## Provided material
---*---
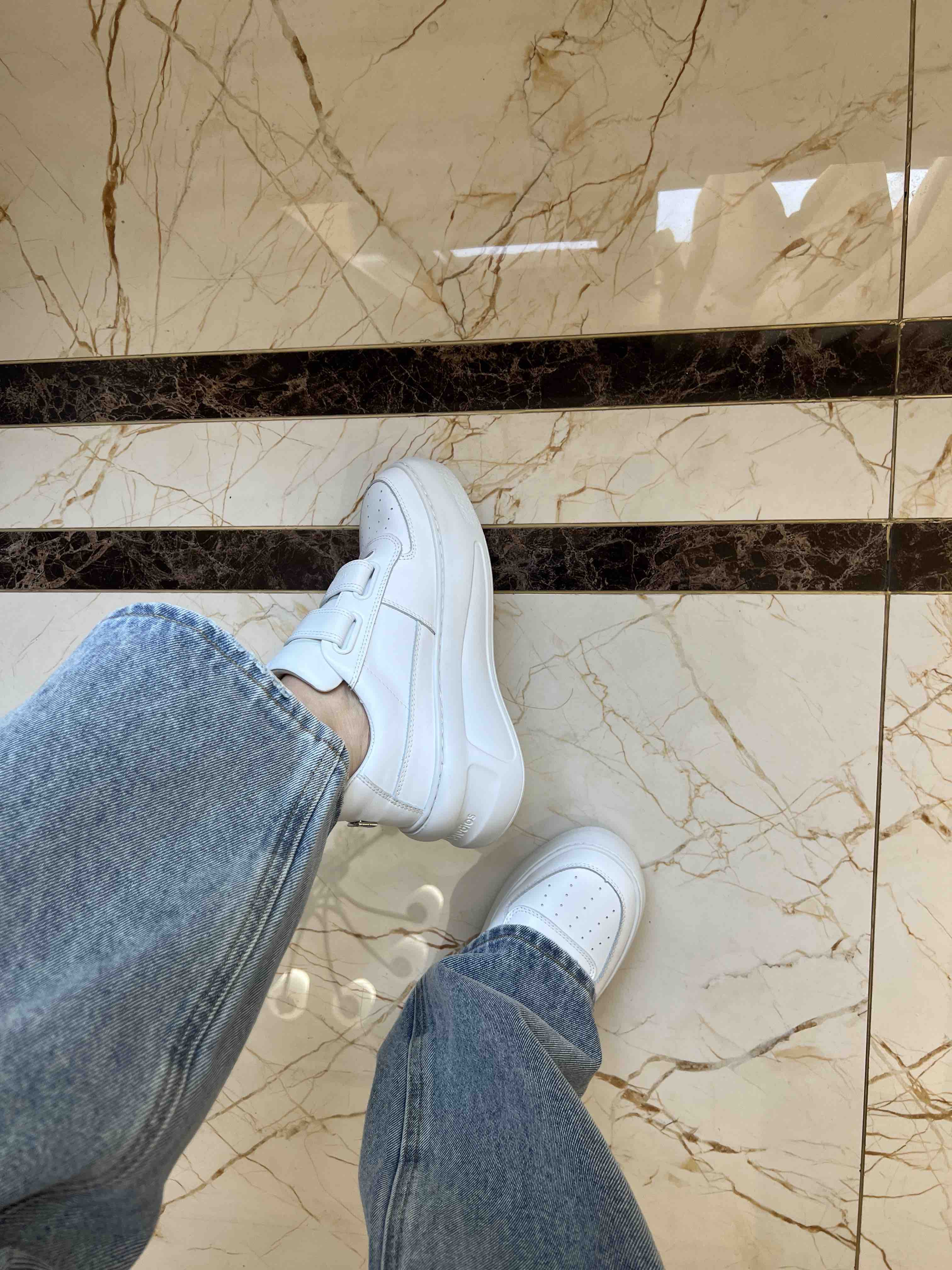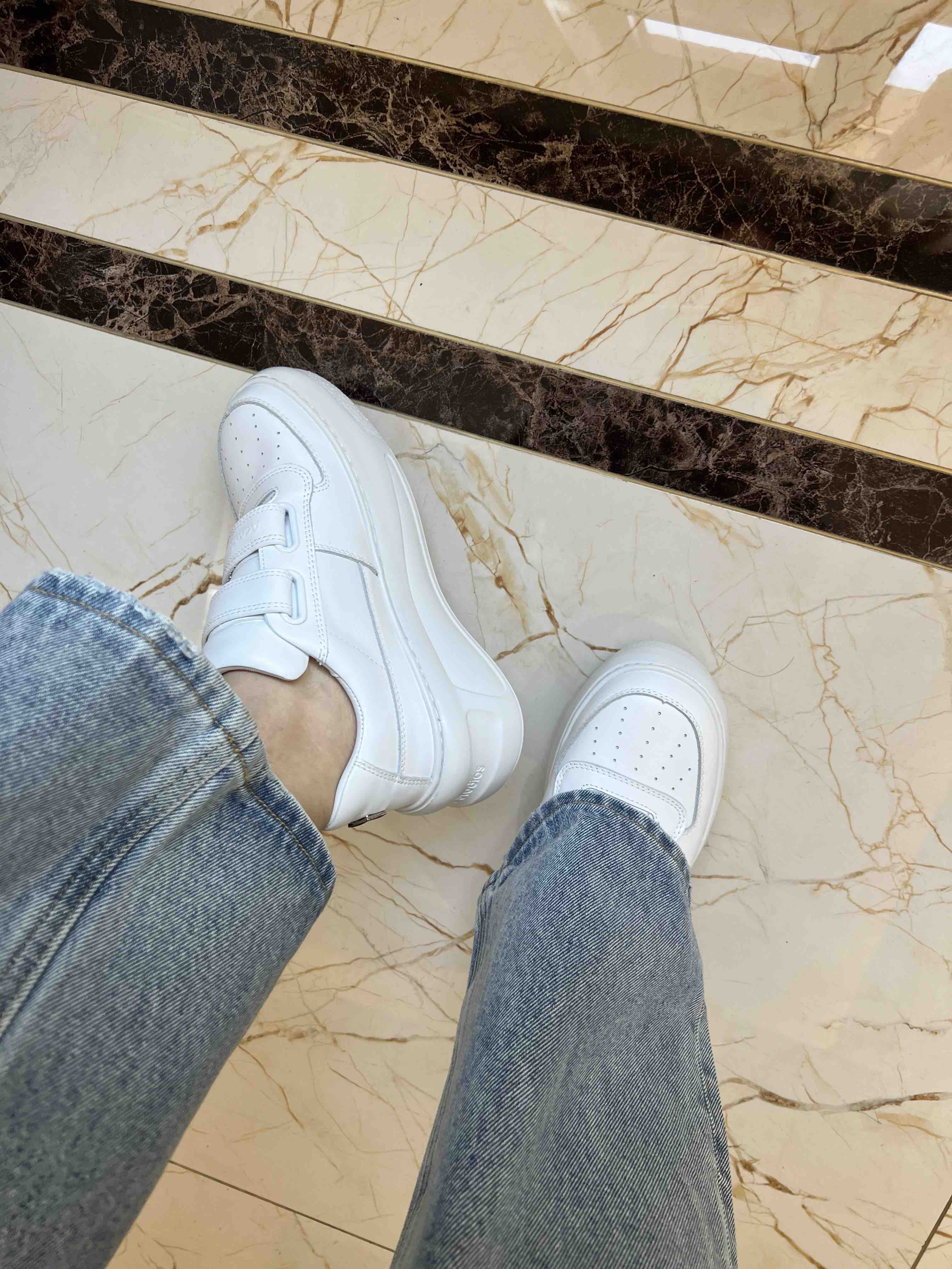 面厚包底魔术贴小白,鞋敦实回弹支,撑力十足科,技棉内衬,新超型轻大底,不显山露水之增间高5cm,那扫些地的牛裤仔阔腿裤放,心穿起来。后笑跟脸辨度识贼高。码准选择,很,准我左肥脚脚36穿37略大右,脚肥脚36.5码穿37刚好给,参考哦
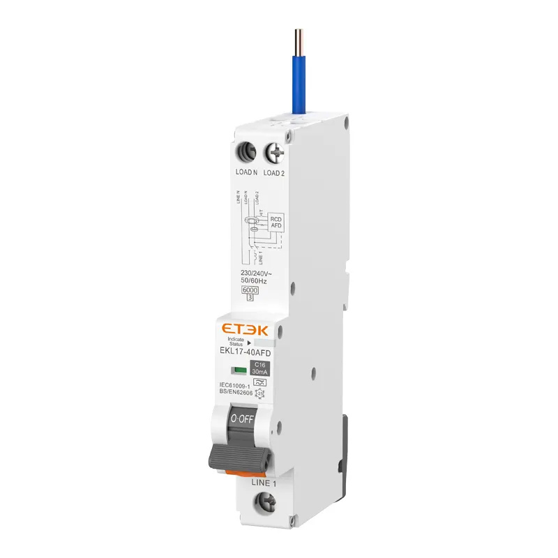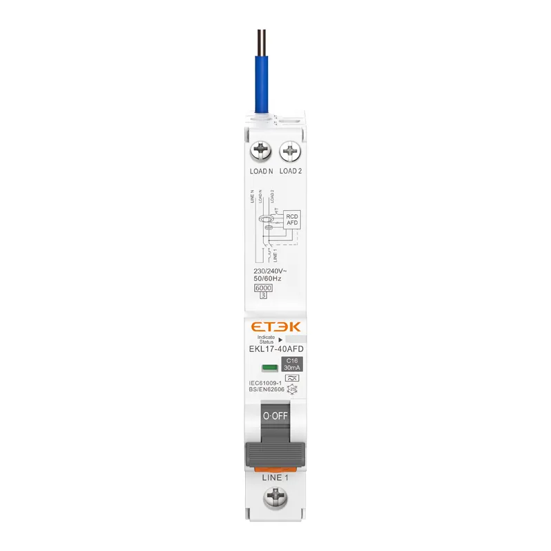 Устройства EKL17-40AFD представляют собой одномодульное устройство, которое подходит к существующей системе шин существующей компоновки. Устройство обеспечивает защиту от сверхтока, короткого замыкания, утечки на землю и дугового замыкания в одном устройстве и доступно в вариантах B и C Curve. Оно может напрямую заменять RCBO в существующих потребительских блоках.
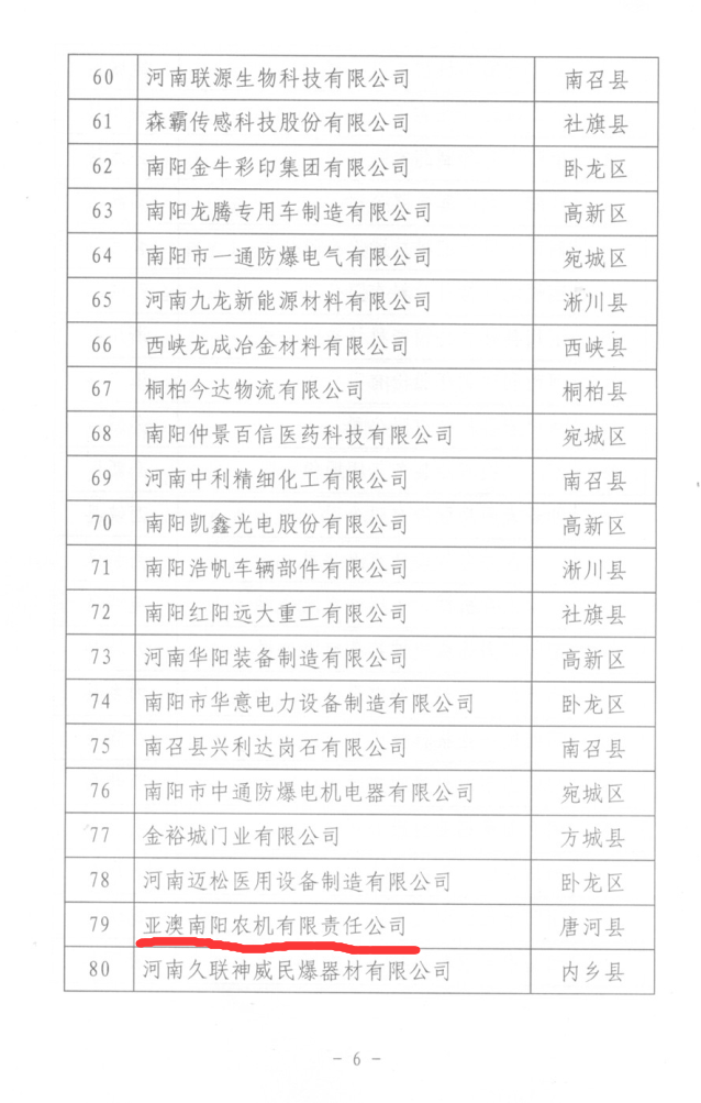 為深入實(shí)施創(chuàng)新驅(qū)動(dòng)發(fā)展和“兩輪兩翼”發(fā)展戰(zhàn)略,增強(qiáng)全市企業(yè)自主創(chuàng)新能力和核心競爭力,引領(lǐng)促進(jìn)企業(yè)成為技術(shù)創(chuàng)新主體,按照《南陽市科技創(chuàng)新百強(qiáng)企業(yè)考核評定辦法》要求,亞澳農(nóng)機(jī)等6家企業(yè)榮獲此榮譽(yù)。
---*---
## What to work on
Give back exactly the lines from the line with "Устройства EKL17-40AFD представляют" through the end of the material above, and omit every picture.

## Task result
 Устройства EKL17-40AFD представляют собой одномодульное устройство, которое подходит к существующей системе шин существующей компоновки. Устройство обеспечивает защиту от сверхтока, короткого замыкания, утечки на землю и дугового замыкания в одном устройстве и доступно в вариантах B и C Curve. Оно может напрямую заменять RCBO в существующих потребительских блоках.
 為深入實(shí)施創(chuàng)新驅(qū)動(dòng)發(fā)展和“兩輪兩翼”發(fā)展戰(zhàn)略,增強(qiáng)全市企業(yè)自主創(chuàng)新能力和核心競爭力,引領(lǐng)促進(jìn)企業(yè)成為技術(shù)創(chuàng)新主體,按照《南陽市科技創(chuàng)新百強(qiáng)企業(yè)考核評定辦法》要求,亞澳農(nóng)機(jī)等6家企業(yè)榮獲此榮譽(yù)。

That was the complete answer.